I would like to return briefly to a point that the member for Hindmarsh raised in his speech. I think that the nub of this legislation is the number of voices in any given media market. I think it would have been intolerable to allow any person in a regional market of six or seven voices to have control of the newspaper, the two radio stations—which constitute one voice—and the newspaper. That would have been, to me, oppressively wrong. It would have given an interventionist proprietor or a zealot editor a chance to really influence three forms of media. It would also have had implications for how diverse and competitive advertising rates are in a particular market. For that reason, I fought very hard right through this whole campaign for two out of three in the country. In other words, you could have any two of those mediums but not all three.

The government, through its party room and in its wisdom, decided to extend that to the capital cities, and I thought that was a great measure. While it will allow some concentration, it will not allow anyone to become a dominant player. Using the case of Adelaide, as the member for Hindmarsh did, there is the Adelaide Advertiser, the three TV stations, radio 5AA, one other news station and a number of music stations. It would have been intolerable for someone to own the Advertiser, the TV station and, say, the talk station or the other news station. Two out of three puts the brake on excesses in those markets—Sydney, Melbourne, Brisbane, Adelaide and Perth in particular.

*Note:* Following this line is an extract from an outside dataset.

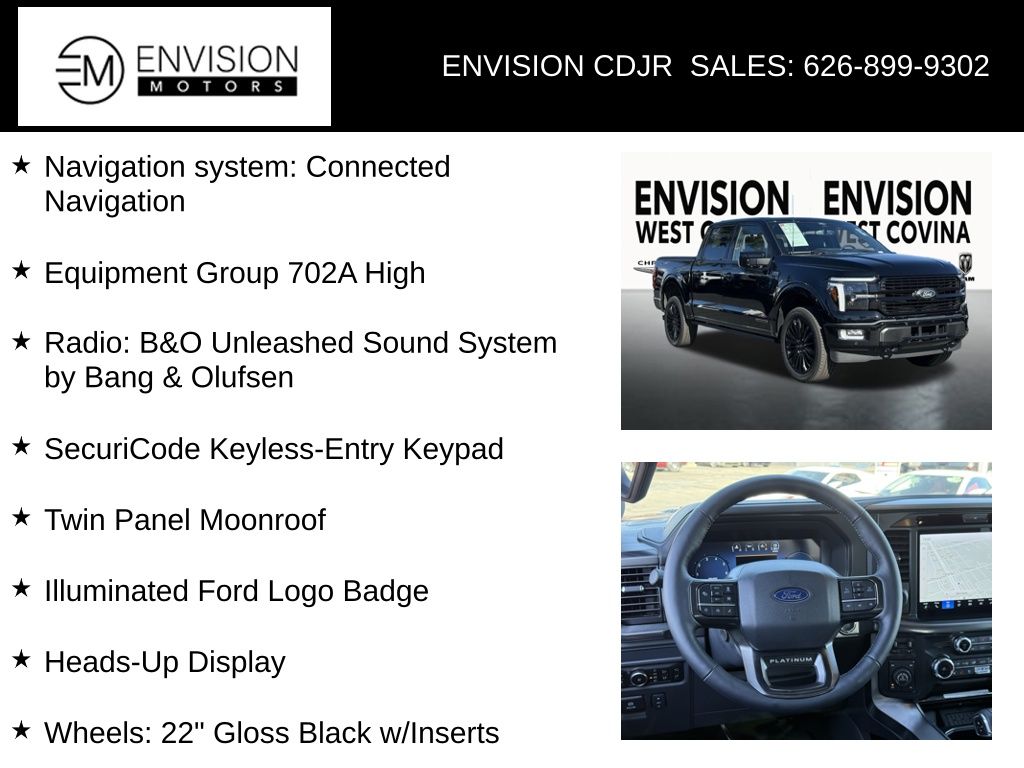 WE SPECIALIZE IN ALL CREDIT PROFILES! See what we can do for you! Call to find out (626) 899-9302.CARFAX One-Owner. Clean CARFAX.Odometer is 4643 miles below market average! 3.5L PowerBoost Full-Hybrid V6, 4WD, Equipment Group 702A High, Heads-Up Display, Illuminated Ford Logo Badge, Navigation system: Connected Navigation, Radio: B&O Unleashed Sound System by Bang & Olufsen, SecuriCode Keyless-Entry Keypad, Twin Panel Moonroof, Wheels: 22" Gloss Black w/Inserts.Black Metallic2025 Ford F-150 Platinum 4WD 10-Speed Automatic 3.5L PowerBoost Full-Hybrid V6**********All Pricing and Advertised Prices for any/all vehicles offered for sale does not include dealer installed accessories which can be purchased for an additional cost.********** The Factory Rebates may not be available on this vehicle if you elect to take advantage of a Special Alternative APR or Special Lease program. Some Factory Rebates are California Resident specific and may vary for residents of other states. NO sales to Dealers, Brokers or Exporters. For out of state purchase, customers must be present to purchase. If shipping is required, dealership must facilitate; no exceptions. Please contact us for special Multi-Vehicle or Fleet pricing. Prices are plus government fees and taxes, any finance charges, $85 documentary fee, $29 electronic registration fee, any emission testing charge and $1.75 per new tire state tire fee. *** We make every effort to provide accurate information, but please verify before purchasing. Leasing & financing available on approved credit. Trade-ins accepted. Subject to prior sale.

Diversity of sources of opinion on our airwaves, particularly in regional areas, is paramount. It is totally unacceptable for one proprietor to own the triple—as I talked about before—and to perhaps exchange news between the three mediums. Imagine what sort of two-dimensional biased media that could be if someone had control of it or if you had an interventionist proprietor. So I support the four voices view in country areas and five in the capital cities—but with that overriding three out of four rule.

Probity is the final issue. I believe that all companies and proprietors holding radio or television licences must be able to demonstrate a clear and transparent ownership structure. So I applaud the planned introduction of a register of controllers to be maintained by ACMA. The register will identify the controllers of commercial radio and television licences and associated newspapers in each licence area in the event of any ownership changes. It should not be possible for one company or proprietor to exercise, by way of financial or programming control, influence over another proprietor or company. I hope that those things which the minister will be taking on board after the Elmie case will lead to greater probity and will, in turn, ensure that we end up with competition, diversity and localism out of these bills. I commend these bills to the House.